Query validation is enabled by default in methods like `get_all_articles()` and will raise a `ValueError` for invalid queries. You can disable validation by setting `validate_query=False`:

```python
# Enable validation (default)
articles = client.get_all_articles(
    q="AI OR \"artificial intelligence\"",  # Valid query
    validate_query=True,  # Optional, True by default
    from_="7d"
)

# Disable validation (not recommended)
articles = client.get_all_articles(
    q="some query",
    validate_query=False,  # Skip client-side validation
    from_="7d"
)
```

For complete validation rules, bulk validation techniques, and troubleshooting, see [Validate queries with Python SDK](https://www.newscatcherapi.com/docs/v3/documentation/how-to/validate-queries-python-sdk).

## Advanced

### Access Raw Response Data

The SDK provides access to raw response data, including headers, through the `.with_raw_response` property.
The `.with_raw_response` property returns a "raw" client that can be used to access the `.headers` and `.data` attributes.

```python
from newscatcher import NewscatcherApi

client = NewscatcherApi(...)
response = client.search.with_raw_response.post(...)
print(response.headers)  # access the response headers
print(response.status_code)  # access the response status code
print(response.data)  # access the underlying object
```

### Retries

The SDK is instrumented with automatic retries with exponential backoff. A request will be retried as long
as the request is deemed retryable and the number of retry attempts has not grown larger than the configured
retry limit (default: 2).

A request is deemed retryable when any of the following HTTP status codes is returned:

- [408](https://developer.mozilla.org/en-US/docs/Web/HTTP/Status/408) (Timeout)
- [429](https://developer.mozilla.org/en-US/docs/Web/HTTP/Status/429) (Too Many Requests)
- [5XX](https://developer.mozilla.org/en-US/docs/Web/HTTP/Status/500) (Internal Server Errors)

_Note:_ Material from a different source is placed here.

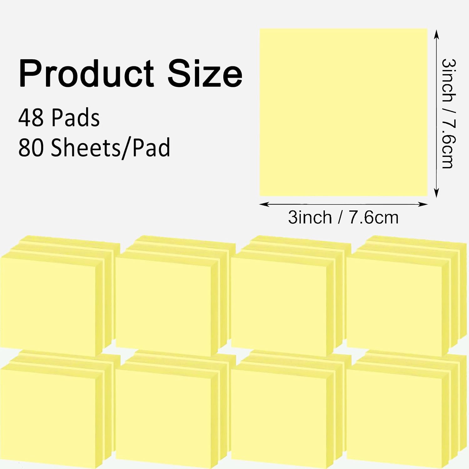 48 Pack 3840 Sheets Pop Up Sticky Notes 3X3 in Bright Color Self Sticky Note Pads Colorful Post Stickies for Office Home School Meeting, 80 Sheets/pad, Yellow
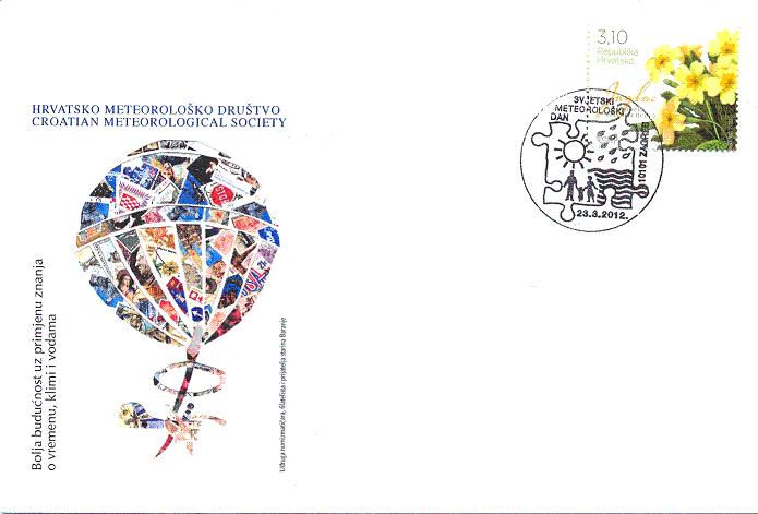 Hrvatsko meteorološko društvo već niz godina uz ostale manifestacije obilježava Svjetski meteorološki dan, 23. ožujka izdavanjem prigodne poštanske kuverte. Uz kuvertu, toga je dana u pošti (41101, danas 10101 Zagreb) u upotrebi i prigodni poštanski žig, koji se u upotrebu stavlja također na zahtjev HMD-a. Uz grafičko rješenje na svim je kuvertama uz naziv izdavača (Hrvatsko meteorološko društvo i Državni hidrometeorološki zavod) i moto pod kojim se Svjetski meteorološki dan slavi.

Use the `max_retries` request option to configure this behavior.

```python
client.search.post(..., request_options={
    "max_retries": 1
})
```

### Timeouts

The SDK defaults to a 60 second timeout. You can configure this with a timeout option at the client or request level.

```python
from newscatcher import NewscatcherApi

client = NewscatcherApi(..., timeout=20.0)

# Override timeout for a specific method
client.search.post(..., request_options={
    "timeout_in_seconds": 1
})
```

### Custom Client

You can override the `httpx` client to customize it for your use-case. Some common use-cases include support for proxies
and transports.

```python
import httpx
from newscatcher import NewscatcherApi

client = NewscatcherApi(
    ...,
    httpx_client=httpx.Client(
        proxy="http://my.test.proxy.example.com",
        transport=httpx.HTTPTransport(local_address="0.0.0.0"),
    ),
)
```

## Contributing

While we value open-source contributions to this SDK, this library is generated programmatically.
Additions made directly to this library would have to be moved over to our generation code,
otherwise they would be overwritten upon the next generated release. Feel free to open a PR as
a proof of concept, but know that we will not be able to merge it as-is. We suggest opening
an issue first to discuss with us!

On the other hand, contributions to the README are always very welcome!